**Exercise brief**
Write out the line with "Pantalon à la" and every later line through the end of the data below, exactly as given, with no pictures in the copy.

**Given data**
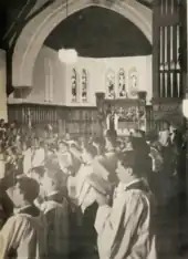In 1941, The headmaster the Rt. Rev. Edward Bidwell left to become the Assistant Bishop of Canterbury and the Bishop of Ontario. In 1955, the 18th Governor General of Canada the Rt. Hon. Vincent Massey inspected the BCS cadet corps. In 1958 the school gym/ballroom was consecrated as St.Martin's Chapel by order of the Lord Bishop of Québec, The Rt. Reverend Philip Carrington and BCS students no longer used the chapel at Bishop's University.[5] An organ was installed behind the Cross in 1958. A stained glass window was given to BCS during the closing ceremony of St. Helen's School, Dunham, Québec. It is now installed at the top of the staircase to the chapel. BCS has grown more secular entering into the 21st century.
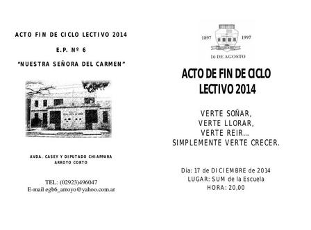 La Escuela Pública Número 6 de Arroyo Corto estará llevando a cabo el acto de la Escuela Pública Número 6.
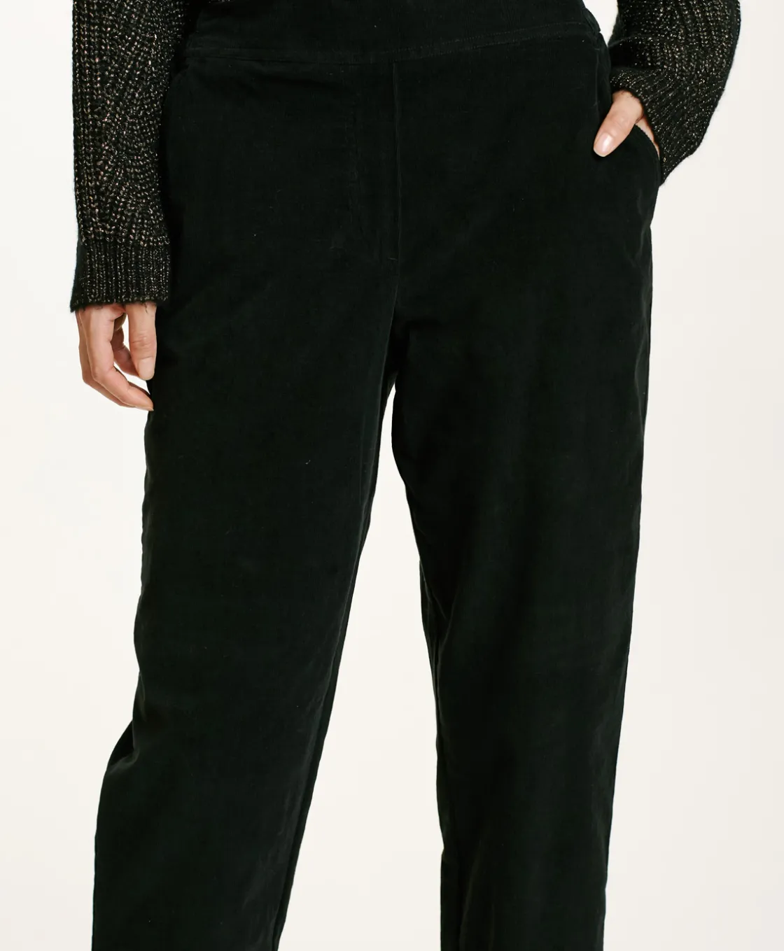Pantalon à la coupe régulière en côtelé de velours de coton stretch. Yoko présente une sangle élastique dans le dos et sur les hanches, et est lisse sur le devant. Poches françaises et bas retourné.
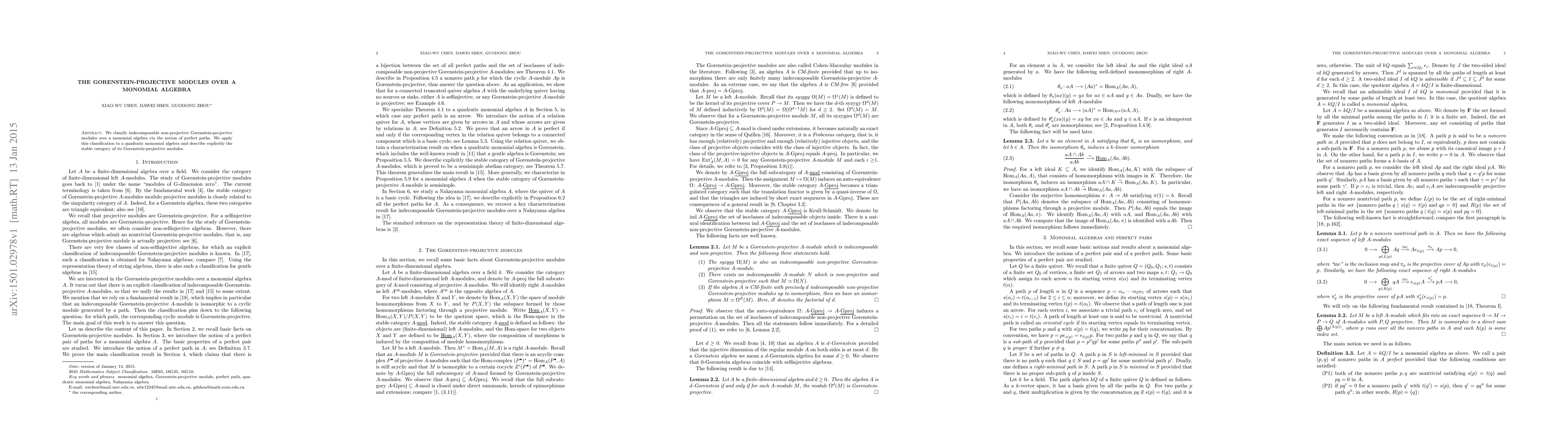 This paper classifies indecomposable non-projective Gorenstein-projective modules over a monomial algebra using perfect paths and applies this classification to a quadratic monomial algebra, providing an explicit description of its stable category.

**Output of the exercise**
Pantalon à la coupe régulière en côtelé de velours de coton stretch. Yoko présente une sangle élastique dans le dos et sur les hanches, et est lisse sur le devant. Poches françaises et bas retourné.
 This paper classifies indecomposable non-projective Gorenstein-projective modules over a monomial algebra using perfect paths and applies this classification to a quadratic monomial algebra, providing an explicit description of its stable category.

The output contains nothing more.